**What to produce:** Retype every line from the one containing "G4GADGET A4 Week" through the last line of the records below, both included; leave out the pictures.

**Task material:**

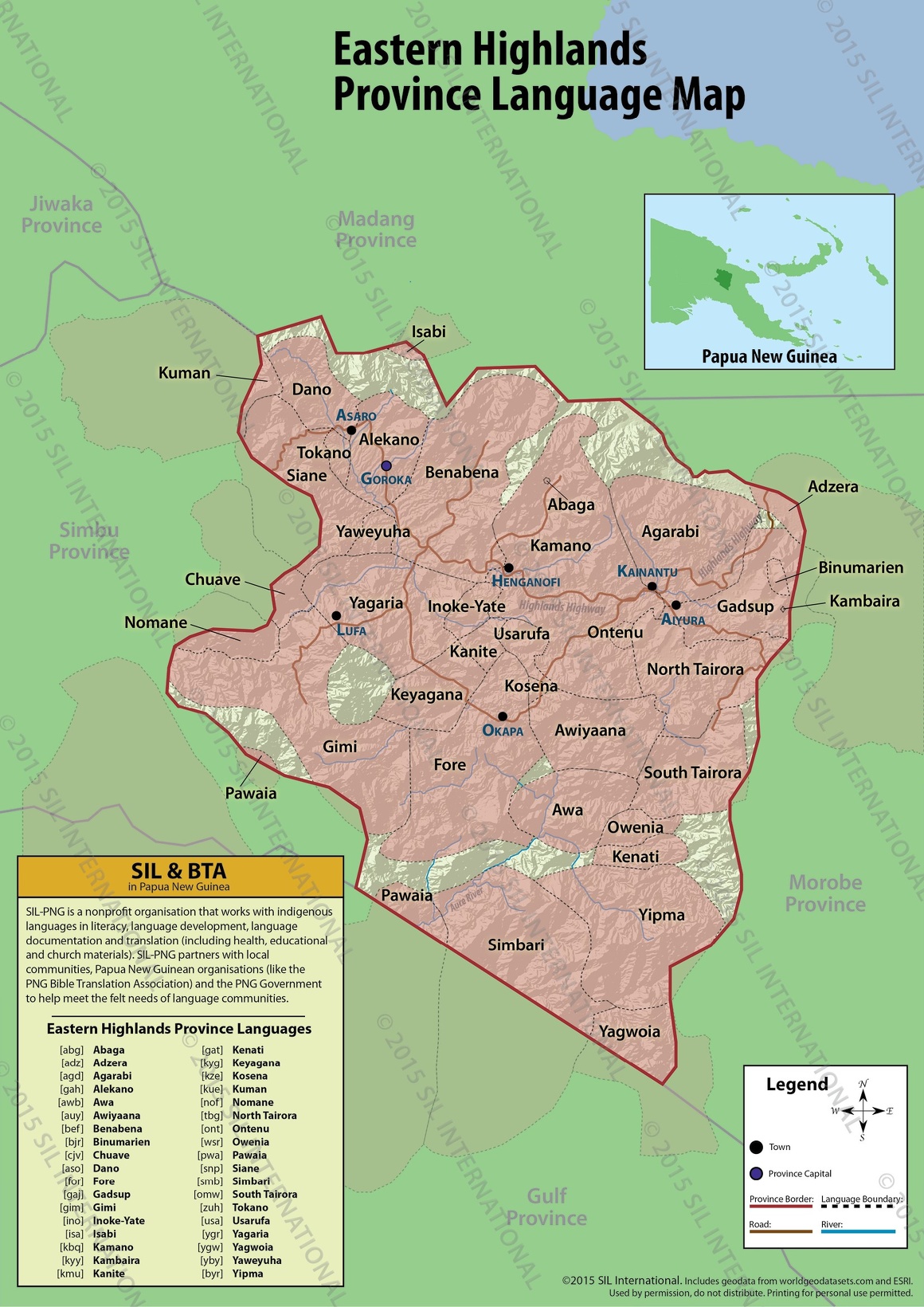 Language: Tairora (Tairoa) is a Kainantu language and a member of the Eastern Family of Non-Austronesian Languages in the East New Guinea Highlands group. Many Tairora are bilingual with neighboring languages (Agarabi, Auyana, Binumarien, Gadsup, and Kamano in the north; Awa and Waffa in the south) and currently most males and younger women are fluent in Tok Pisin. Summer Institute of Linguistics translators have produced a considerable amount of religious and educational material in Tairora, but the number of people who are literate in their own language is still fairly small. 1) Dialects of Tairoa proper (North Tairoa) include Aantantara (Andandara), Arau-Varosia (Arau-Barosia), Arokaara, Saiqora (Sai’ora), Tairora. 2) Dialects of South Tairoa (Omwunra-Toqura) include Aatasaara (Atakara), Haaviqinra-Oraura (Habina-Oraura), Omwunra-Toqura (Obura-To’okena), Vaira-Ntosara (Baira), Veqaura (Meauna), Vinaata-Konkompira (Pinata-Konkombira).
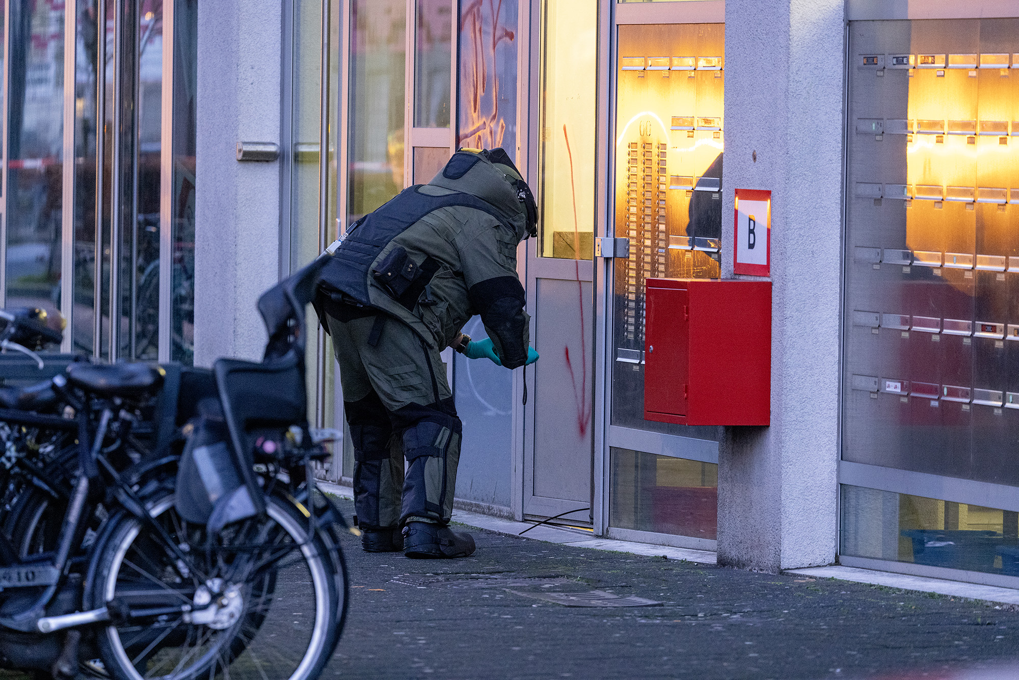De politie werd opgeroepen en uiteindelijk is de EOD ter plaatse gekomen om het object veilig te stellen. Op de deur waar de handgranaat is aangetroffen staat ‘TikTak’ met verf met een pijl naar de plaats waar de handgranaat lag.
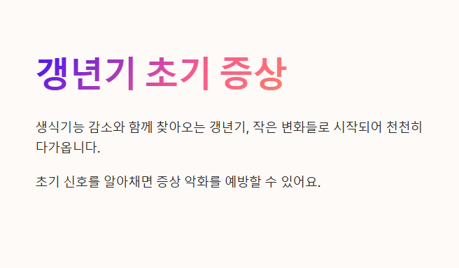 이런 고민이 반복된다면 단순 피로나 기분 탓으로만 넘기지 마세요. 특히 일상 속 피로와 감정 기복이 전보다 심해졌다면,갱년기의 시작을 알리는 신호일 수 있어요. 갱년기는 갑작스럽게 오는 것이 아니라, 작고 사소한 변화들로 시작돼 천천히 다가오는 시기예요. 초기에 몸이 보내는 신호를 알아채지 못하면 불면, 우울감, 호르몬 불균형 같은 증상들이 더 악화될 수 있어요. 지금부터 갱년기 초기증상이 어떤 모습으로 나타나는지, 그리고 어떻게 대응하면 좋은지 함께 알아볼게요.
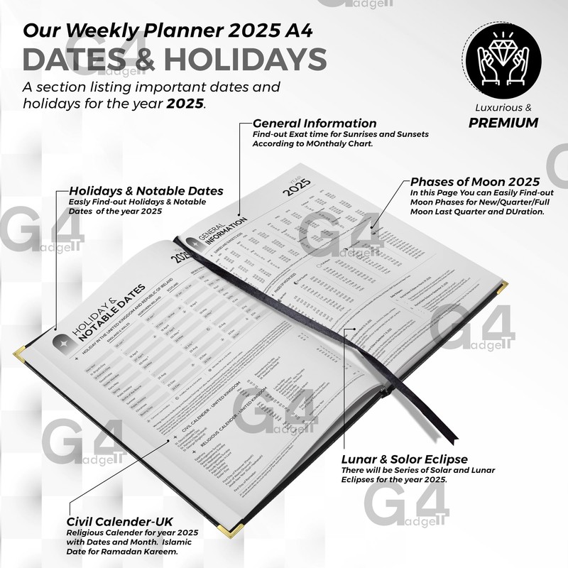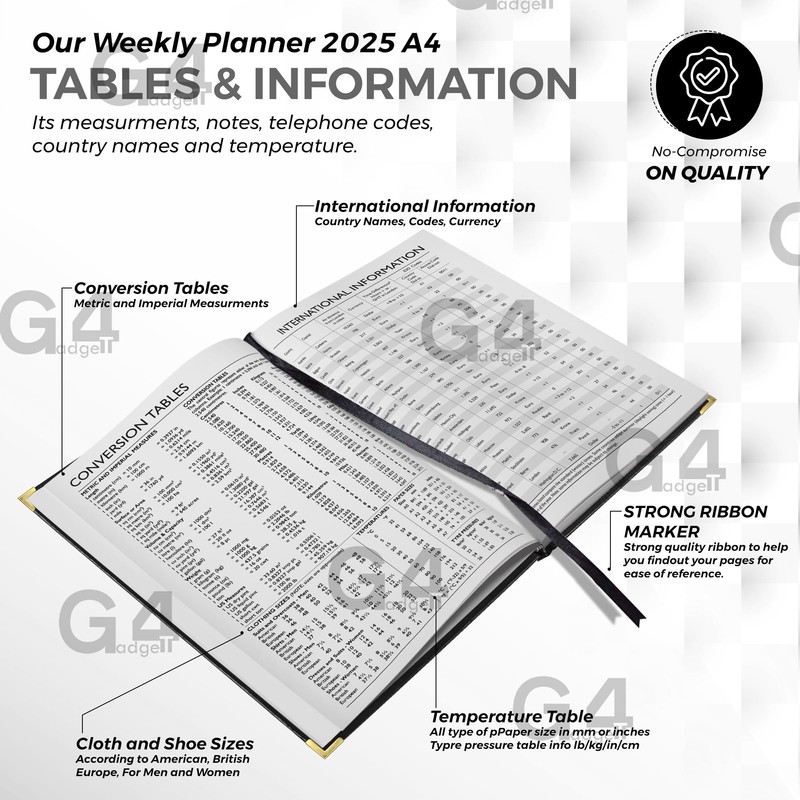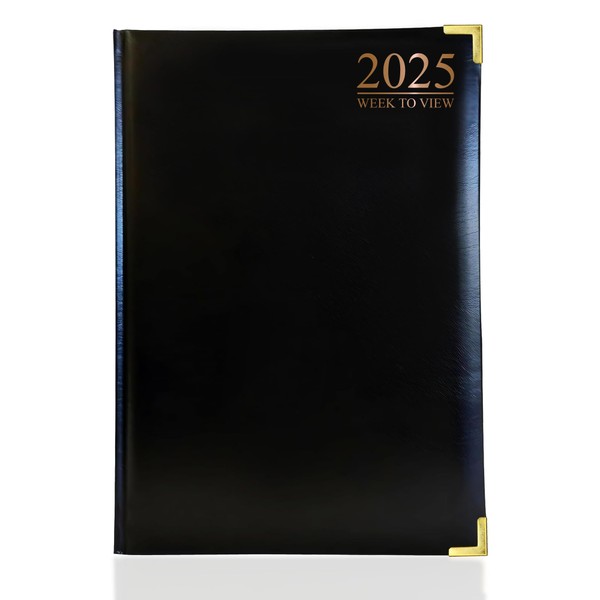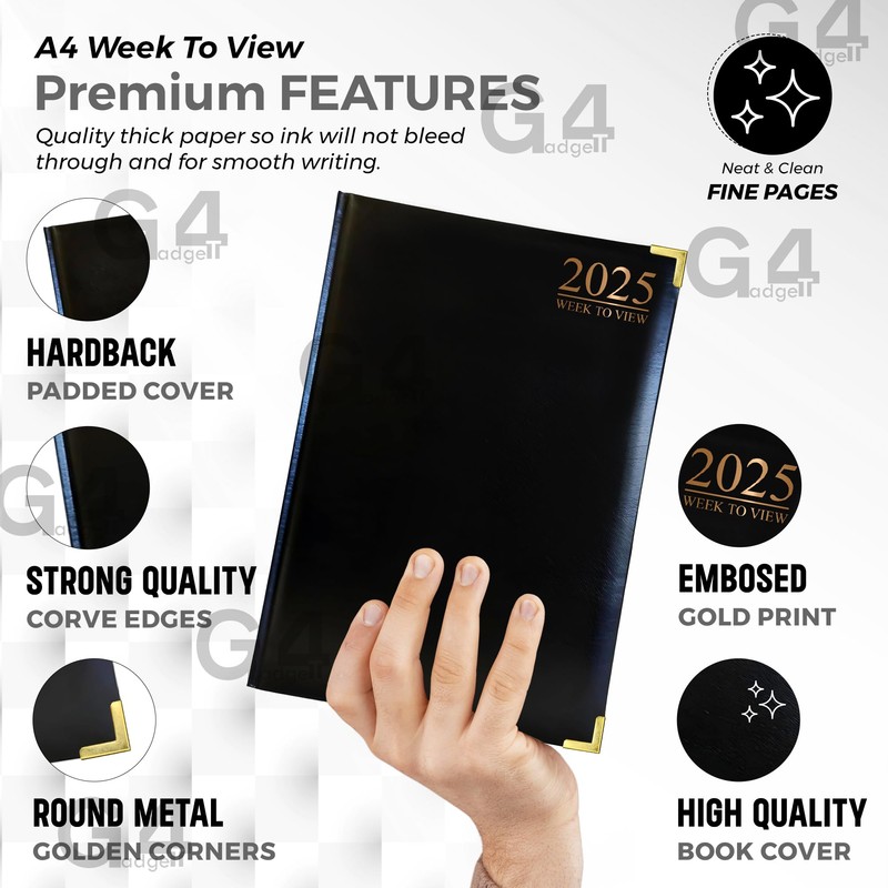 G4GADGET A4 Week To View Diary Black 2025 | Hardback Cover | Weekly Planner with Note Sections | Professional and Durable
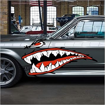 Finest Folia Hai Aufkleber Dekor Set Augen Zahne Selbstklebend Haimaul Fur Fahrzeuge Auto Lkw Wohnmobil Truck Bus Kotflugel Helm Rx008 V1 114 X 35cm Amazon De Auto

**Result for this exercise:**
 G4GADGET A4 Week To View Diary Black 2025 | Hardback Cover | Weekly Planner with Note Sections | Professional and Durable
 Finest Folia Hai Aufkleber Dekor Set Augen Zahne Selbstklebend Haimaul Fur Fahrzeuge Auto Lkw Wohnmobil Truck Bus Kotflugel Helm Rx008 V1 114 X 35cm Amazon De Auto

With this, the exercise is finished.